# strawberry pseudochromis question



## jhj0112 (Jul 30, 2013)

One of my girls was crying for this fish and I added a strawberry pseudochromis( I guess it is also called purple dottyback(?) ) 2 week ago. 

He has been fine and not bothering any fish/shrimps but I read that this fish will eventually turn into a devil and kill pretty much anything in the tank including clownfish... 
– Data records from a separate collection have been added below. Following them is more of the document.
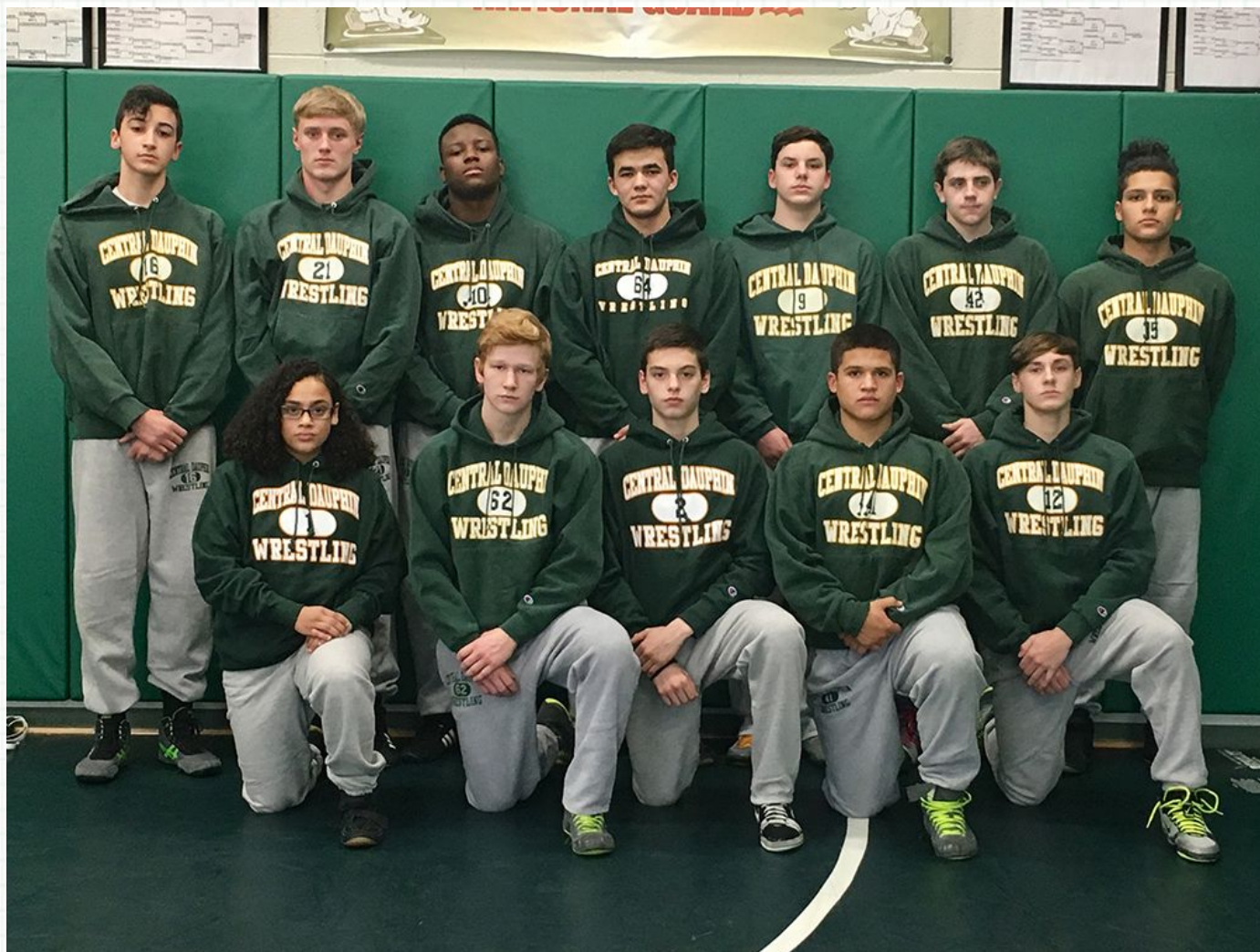
2017 - 2018 CD Wrestling Sophomores
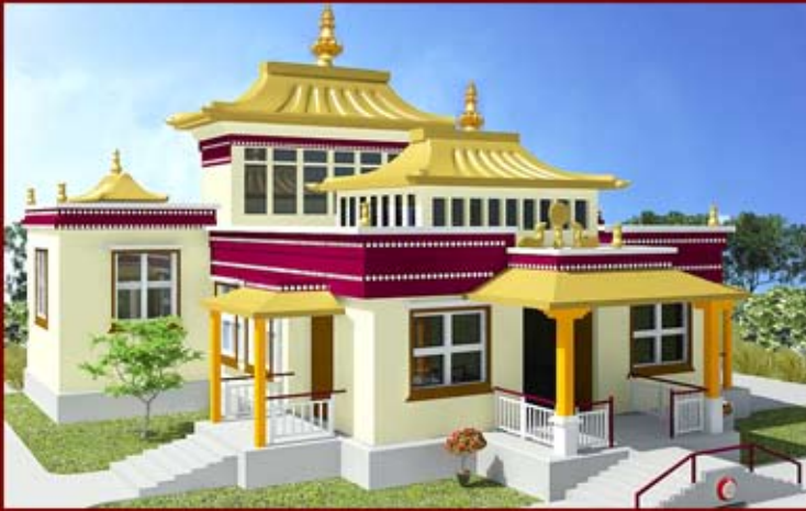
Artist's rendering of proposed main prayer hall
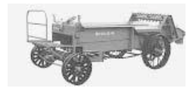
Model 85 horse-drawn spreader has a seat for driver up front. Pequea also offers many other spreader models.

Pequea offers both pto and ground-driven models with capacities ranging from 50 to 110 bu. A conversion kit for horse-drawn use is optional on the smaller models. On models 50 and 70 the beater can be removed so the spreader can be used to haul dirt, sand, compost, leaves, grass clippings, etc. Mod-

what's your experience on this fish? should I just return to LFS before it gets nasty??


----------



## scott tang (Jan 29, 2012)

Mine is full grown and is fairly peace full with his tank mates there wrass halk fish clowns cardinals ect


----------



## albert_dao (May 28, 2012)

Crappy fish. Sold like 50x+ of them over the last decade. Probably regretted 99% of those sales. Had to personally go into 2 or 3 of the tanks and catch them out myself. I'm ashamed to admit it, but I can think of one occasion back in 2005 where I more or less turned a new saltwater enthusiast back to freshwater after selling them one of these fish. 

Here's the deal: They are a newb trap. They're colorful, hardy, small and inexpensive. They also happen to have conveniently high profit margins. That said, if you throw one in a tank smaller than 72 gallon, they're probably going to end up causing you a lot of grief. That's a rule I'd follow. Exceptions happen, but I wouldn't count on being the lucky dude out of thousands.


----------



## jhj0112 (Jul 30, 2013)

Thanks Albert and Scott!! Well... a cleaner shrimp that we bought yesterday is missing now... I don't know if it is this guy or something else.. hmmm.. during the day, he is ok.. I will keep an eye on him...


----------